**Required action:**
Would you please copy every line from the records that contains the word "need"?

**Material provided:**
---

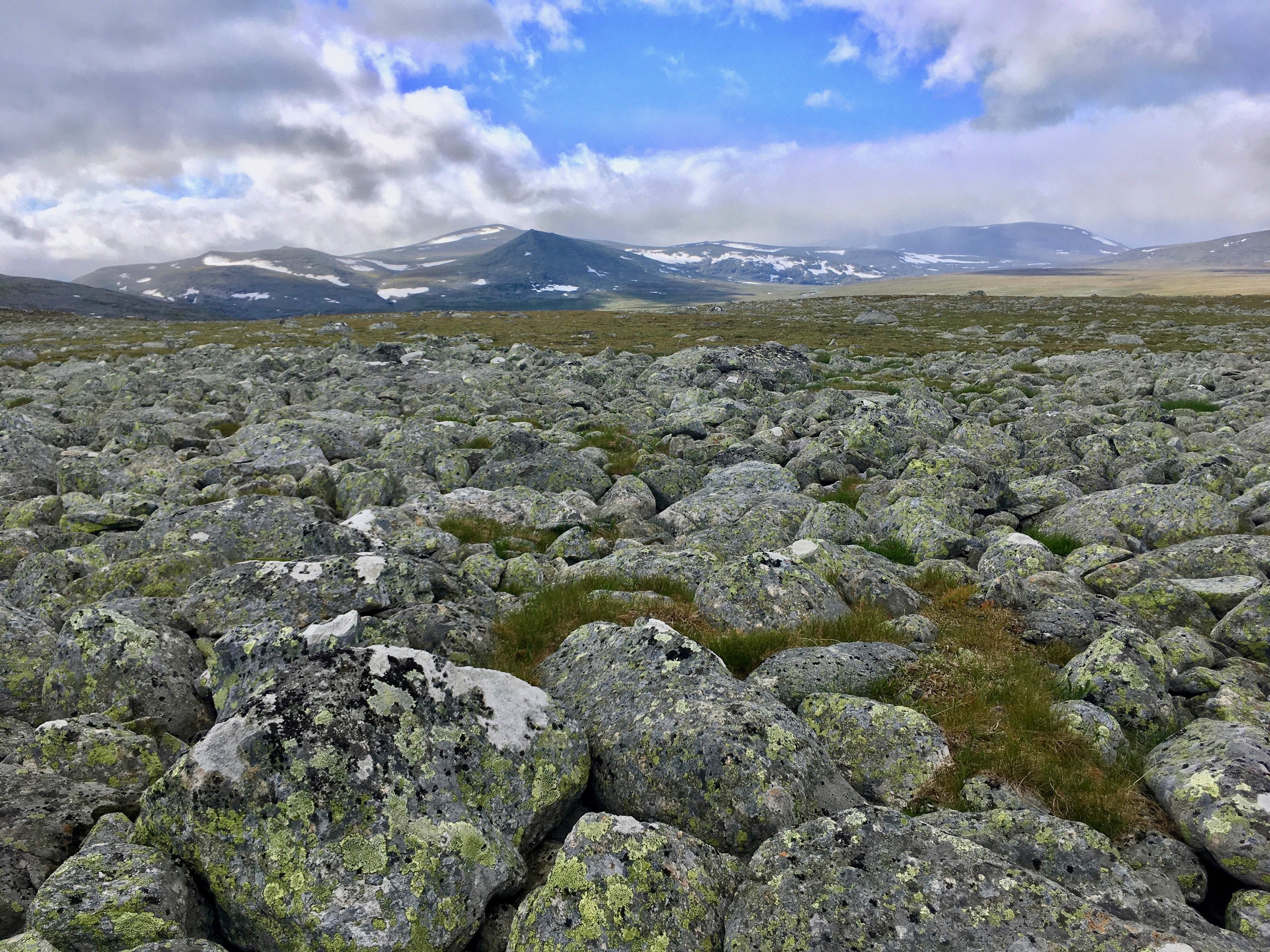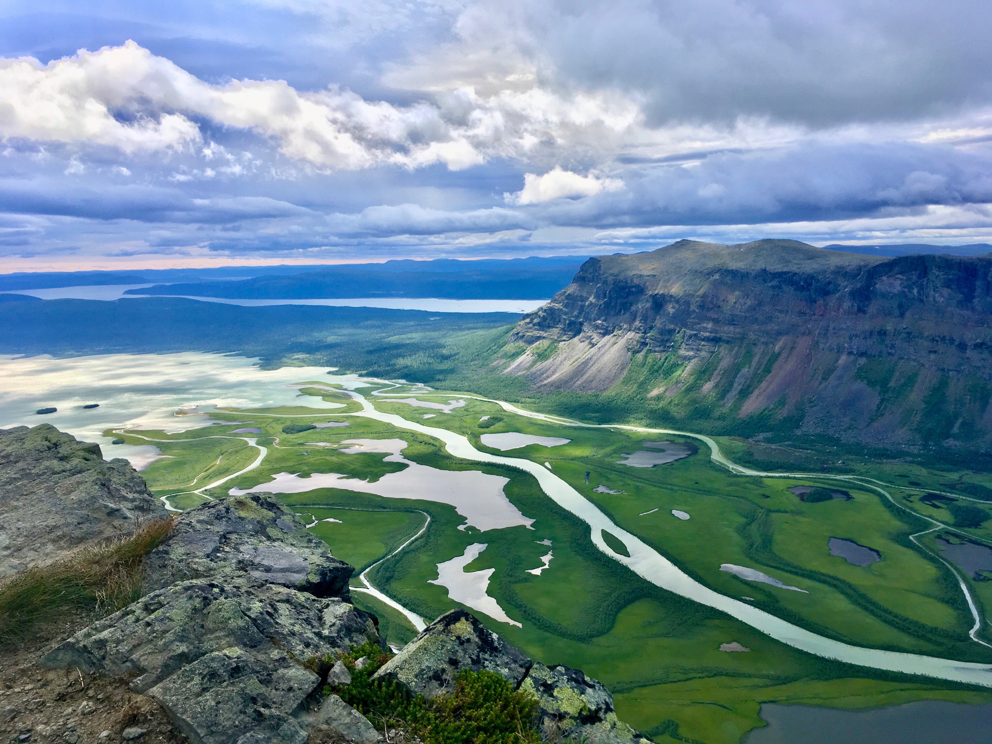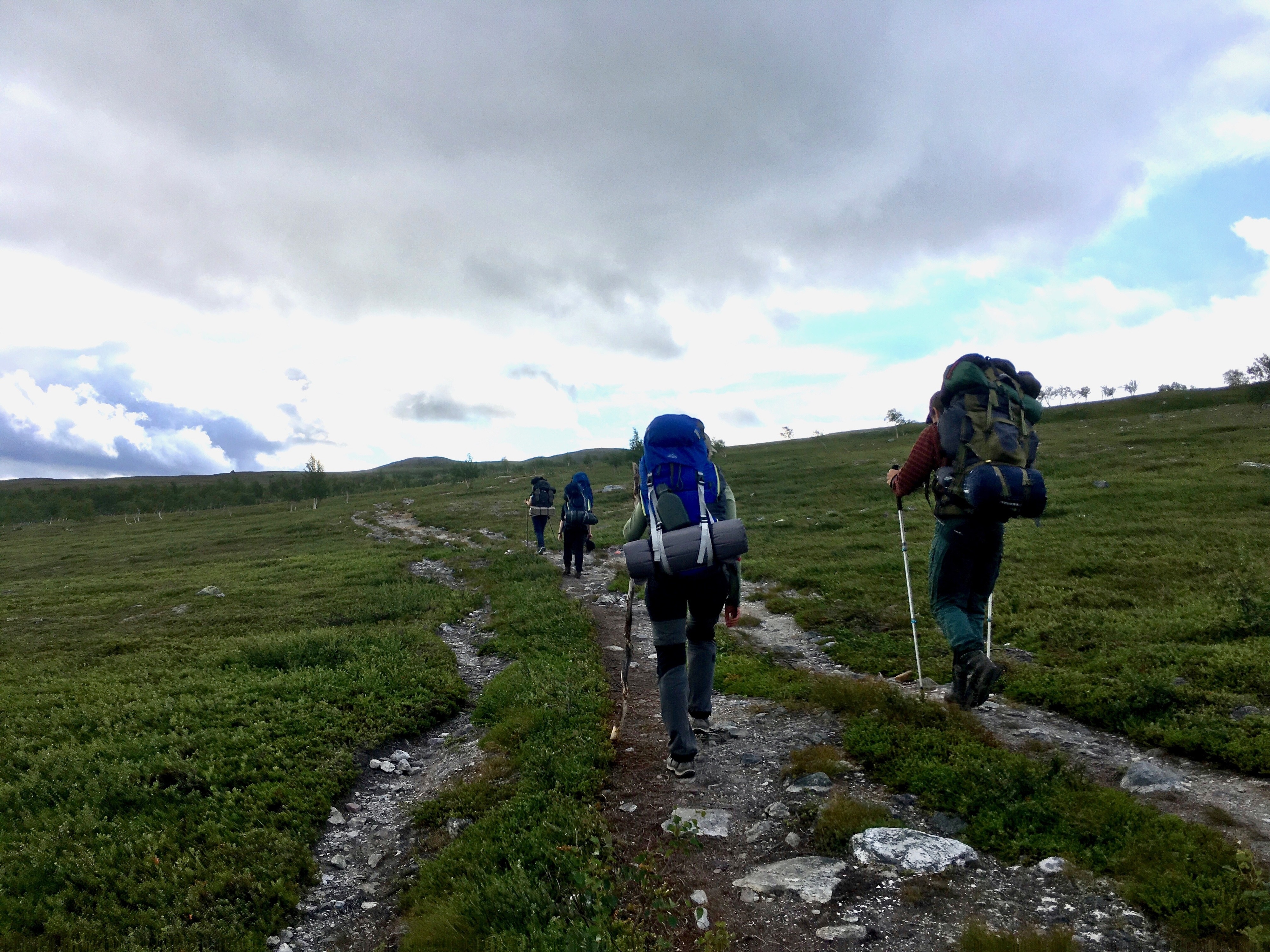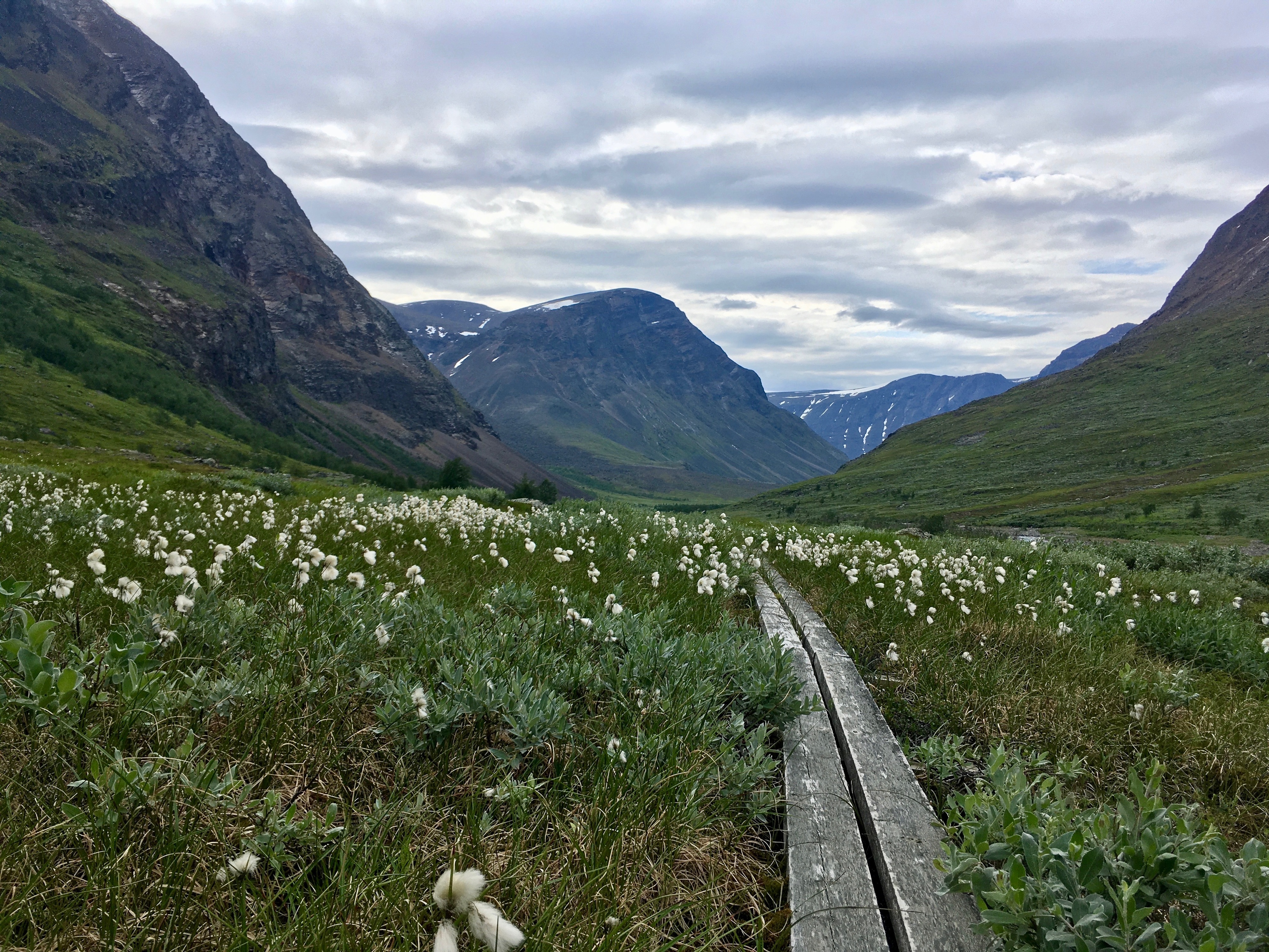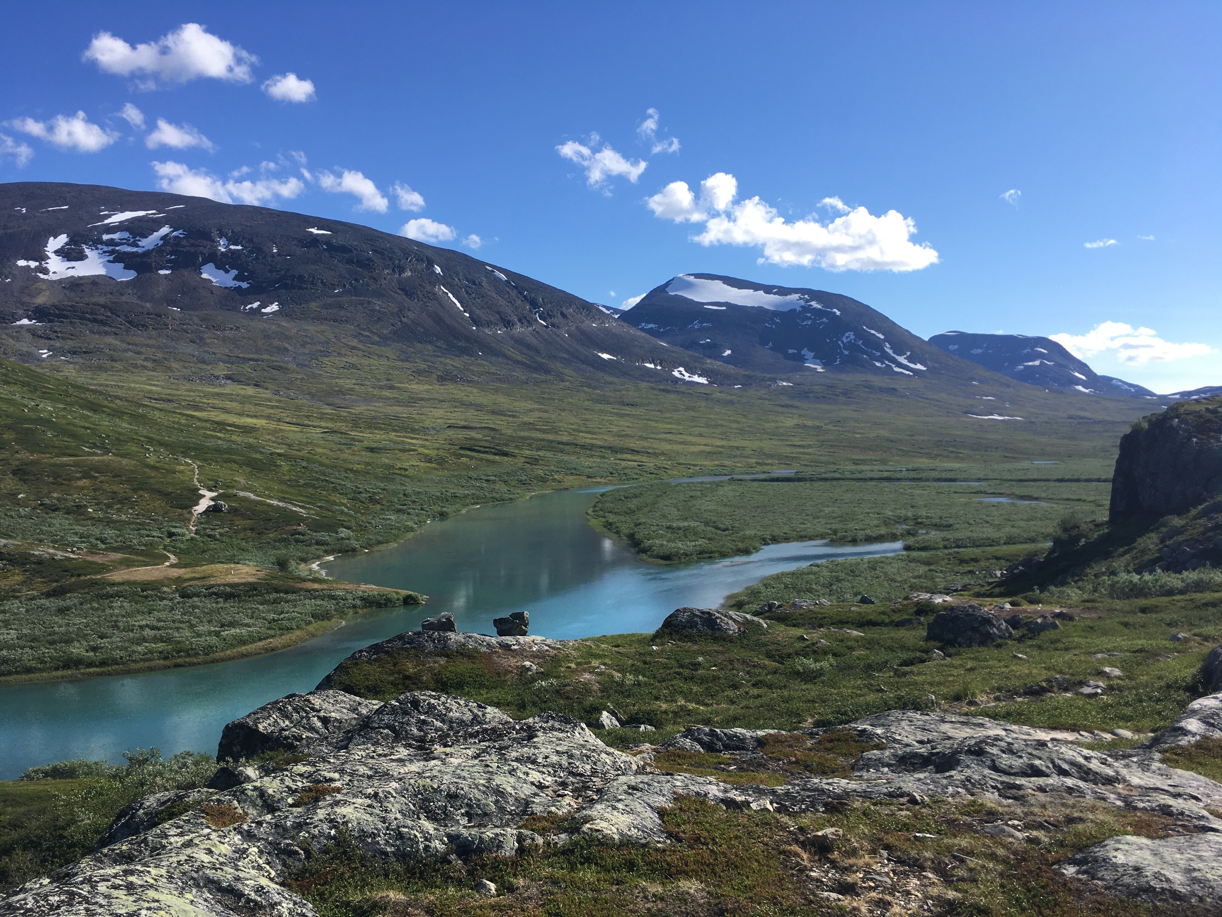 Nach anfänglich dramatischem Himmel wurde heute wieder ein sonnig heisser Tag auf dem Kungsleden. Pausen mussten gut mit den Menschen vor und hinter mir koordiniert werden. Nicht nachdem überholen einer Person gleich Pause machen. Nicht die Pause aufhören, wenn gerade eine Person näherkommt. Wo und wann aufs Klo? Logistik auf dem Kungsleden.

---

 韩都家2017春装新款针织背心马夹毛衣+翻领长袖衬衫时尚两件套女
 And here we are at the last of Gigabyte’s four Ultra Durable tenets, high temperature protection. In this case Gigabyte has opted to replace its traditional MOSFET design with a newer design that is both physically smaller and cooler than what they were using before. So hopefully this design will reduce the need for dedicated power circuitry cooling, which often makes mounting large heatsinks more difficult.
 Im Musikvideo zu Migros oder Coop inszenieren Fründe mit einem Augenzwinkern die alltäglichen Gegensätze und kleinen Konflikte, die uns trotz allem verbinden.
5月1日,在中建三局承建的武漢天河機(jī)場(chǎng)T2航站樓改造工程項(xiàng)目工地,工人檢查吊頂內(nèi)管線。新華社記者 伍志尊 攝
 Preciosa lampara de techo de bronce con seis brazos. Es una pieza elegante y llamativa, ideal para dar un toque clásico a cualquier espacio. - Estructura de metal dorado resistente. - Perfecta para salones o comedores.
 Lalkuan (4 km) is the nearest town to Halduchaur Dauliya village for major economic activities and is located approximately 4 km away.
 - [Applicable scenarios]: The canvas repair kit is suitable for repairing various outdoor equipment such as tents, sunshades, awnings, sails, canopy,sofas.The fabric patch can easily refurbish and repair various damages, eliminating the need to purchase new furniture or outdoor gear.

---

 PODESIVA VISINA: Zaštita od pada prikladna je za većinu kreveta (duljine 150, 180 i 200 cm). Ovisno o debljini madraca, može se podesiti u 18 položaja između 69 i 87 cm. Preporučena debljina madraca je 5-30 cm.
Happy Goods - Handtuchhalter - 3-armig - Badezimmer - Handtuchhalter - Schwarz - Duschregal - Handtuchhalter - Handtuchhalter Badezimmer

---

**Task result:**
 And here we are at the last of Gigabyte’s four Ultra Durable tenets, high temperature protection. In this case Gigabyte has opted to replace its traditional MOSFET design with a newer design that is both physically smaller and cooler than what they were using before. So hopefully this design will reduce the need for dedicated power circuitry cooling, which often makes mounting large heatsinks more difficult.
 - [Applicable scenarios]: The canvas repair kit is suitable for repairing various outdoor equipment such as tents, sunshades, awnings, sails, canopy,sofas.The fabric patch can easily refurbish and repair various damages, eliminating the need to purchase new furniture or outdoor gear.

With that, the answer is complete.